Wind operators must squeeze out every watt they can when the wind is blowing. To do so, wind projects must be reliable and maintained with minimum cost. With variable winds, high costs, and slim margins, everything has to work right to make sure that wind is attractive alternative power and a sound economic investment. So if a turbine is to work 20 years or more before retiring, it better be properly designed and maintained.

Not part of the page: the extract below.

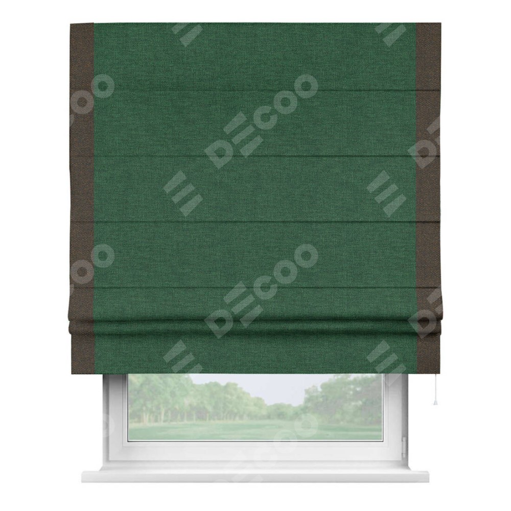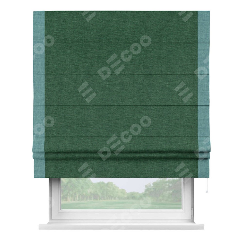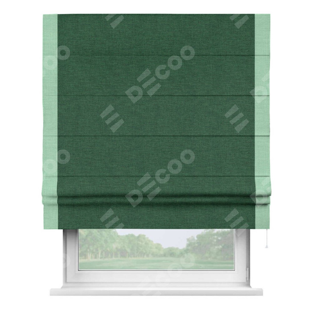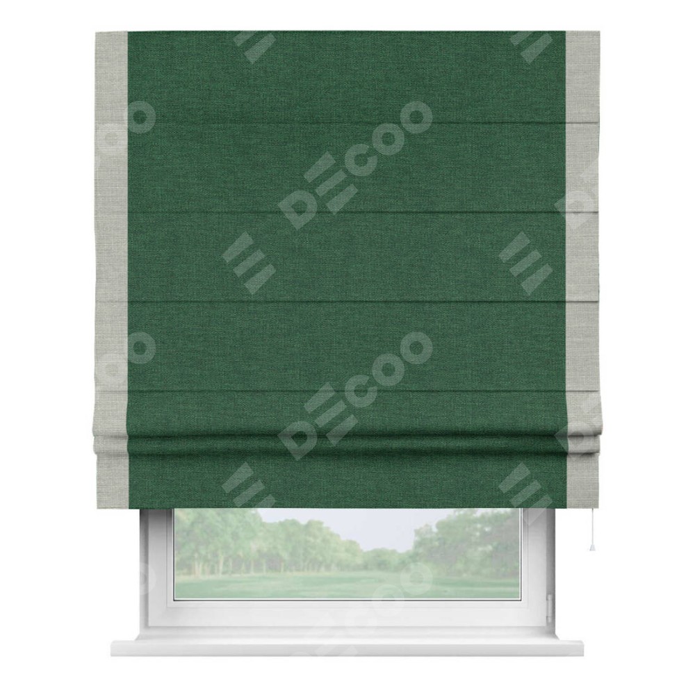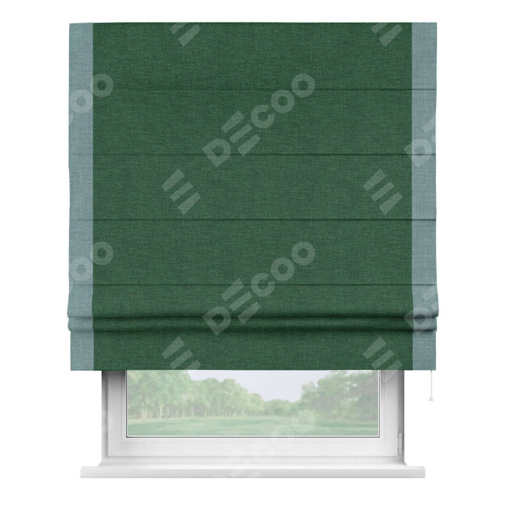 Римская штора производителя «Cortin», используется для проёма, пошита из ткани лён серо-зеленый, артикул 63740. Отделка шторы кантом «Стрим Дуо», ткань для канта используется из льна разной расцветки на выбор. Имеет универсальный механизм и подходит для монтажа: на потолок, на стену и в нишу.
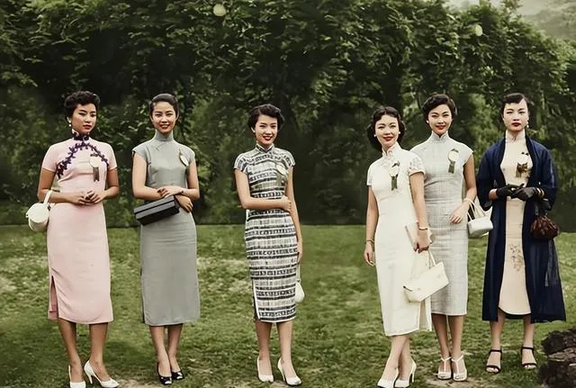 这张照片上,六个城市姑娘穿了一水儿的旗袍,绸缎、斜纹布、粗花呢都有,花色剪裁各有讲究,衣襟盘着扣子,鞋跟都挑细高跟,手拿小包,站草地上摆一排,留个影就像剧照,谁家媳妇穿成这样,准叫大街小巷都看一遍。

Standard procedures: Not working
Most wind turbines are maintained by a combination of traditional schedule-based preventive maintenance and threshold-based alarm systems. A problem with scheduled maintenance is that the standard six-month interval between inspections may be too long to detect an emerging problem. And fixed-threshold alerts, typically set by OEMs, activate too late to support proactive maintenance. That’s because the alerts are intended to protect equipment from catastrophic damage and can’t take into account a wide range of normal wind-turbine operating conditions and unit-to-unit manufacturing variances. As a result, typical fixed-threshold-alert systems do not detect problems until after a failure occurs.
Likewise, traditional condition-monitoring and predictive maintenance tools, such as vibration analysis, oil analysis, and thermography, are limited because of the difficulty in accessing the typical wind-turbine nacelle, the variable nature of the machine, and the time limitations and analytic capabilities of the technicians using them.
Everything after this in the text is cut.